Shenandoah Telecommunications Company (Shentel) is employing Render Networks' construction management platform to handle the fiber-to-the-home (FTTH) expansions for its Glo Fiber brand.
Glo Fiber’s FTTH multi-gigabit broadband internet access, live streaming TV and digital home phone service is available to 183,000 households across Virginia, West Virginia, Pennsylvania and Maryland.
Render's platform will be used in all markets where Shentel is building, and is already in three markets right now, according to a Shentel spokesperson.
The network construction platform leverages geospatial, task-level data for automation. Shentel will also tap into its quality assurance features to enable construction teams to review and validate data and photos captured as work is completed.
Specifically, Render’s platform will enable Shentel to break projects into more manageable sections for construction crews. Paired with an “easy user interface,” the spokesperson said Shentel expects to use Render to help make the “build process and communication regarding what is built, more efficient.”
While Shentel doesn’t anticipate Render will speed up the Glo Fiber expansion, the product is expected to make the process “less paper/email intensive and create clear communication between the construction teams and Shentel engineering.”
Shentel has set a goal of 450,000 fiber homes passed by the end of 2026, and has been steadily picking up funding along the way.
In May the company snagged two awards totaling $6.3 million to cover just over 3,000 locations in Virgina, and in August bagged over $1.5 million in West Virginia broadband grants to build across almost 1,000 locations. Shentel also got $9.4 million to expand its network in Frederick County, Maryland in April.
This year Shentel reached 165,000 fiber passings in Q1, and rolled out a new symmetrical 5 Gbps internet tier, making it available to all 147,000 passings where it currently offers Glo Fiber service.
Render CEO Sam Pratt said some of the most common challenges providers face during the construction of new networks or expansion of existing infrastructure involve labor and workforce. According to him, 65% of total network investment is spent on construction, while 85% of spend is on labor and contractors.
“The labor market is currently constrained and costs are inflated,” Pratt told Fierce, and Render’s platform aims to keep “boots on the ground busy,” while prioritizing real-time visibility into projects, as well as forecasting and tracking material use and waste.
To get to customer deployment faster, Render in partnership with VETRO FiberMap has also automated the customer sign-up to connection process.

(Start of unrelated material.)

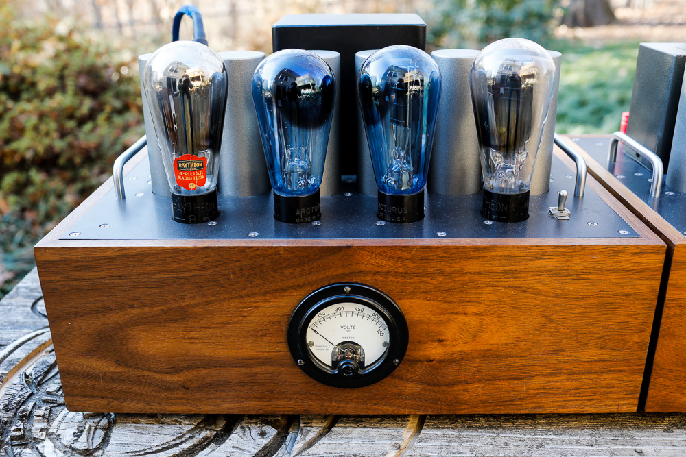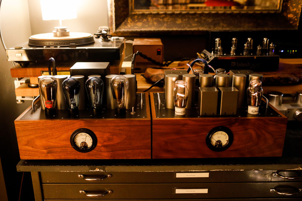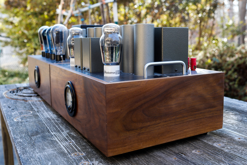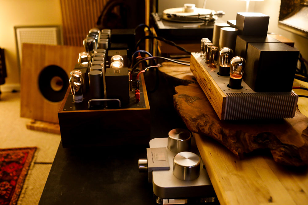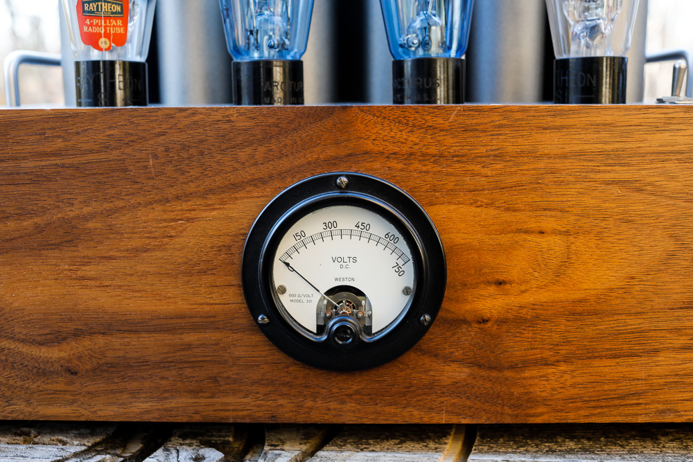 Both chassis feature Weston meters to monitor tube performance. Oliver likes to use pretty wood in his builds, and here is a clear example. Lovely honey tones and deeply pronounced grain. I love wood. I remember a quote from Eric Clapton about how in the future world “made from wood” will be exotic. Here is the hifi definition of exotic. |

Render is currently involved in 26 construction and maintenance projects across the U.S., UK and Australia. That includes projects with the likes of Strata Networks, Archtop Fiber, Colorado Springs Utilities, All Points Broadband, InfoWest, First Electric Cooperative, Empower and SpringNet.
Pratt noted that as funding from the Broadband Equity, Access and Deployment (BEAD) program is soon to hit the market, it “remains a dominant theme and opportunity for operators.”
According to Costquest’s Broadband Fabric dataset, the U.S. currently has 114 million Broadband serviceable locations, 8.1 million of which are considered unserved and will be prioritized for deployment and connection – “that’s the task at hand for all of us,” he said.
“Traditional construction management will not deliver the required speed, visibility or outcomes.”
To meet federal and state grant funding requirements, operators are faced with mandated delivery milestones and metrics if they don’t want to risk penalties for noncompliance. Pratt said early identification of performance issues or at-risk delivery milestones is going to be "exceedingly important" in the upcoming funding rounds.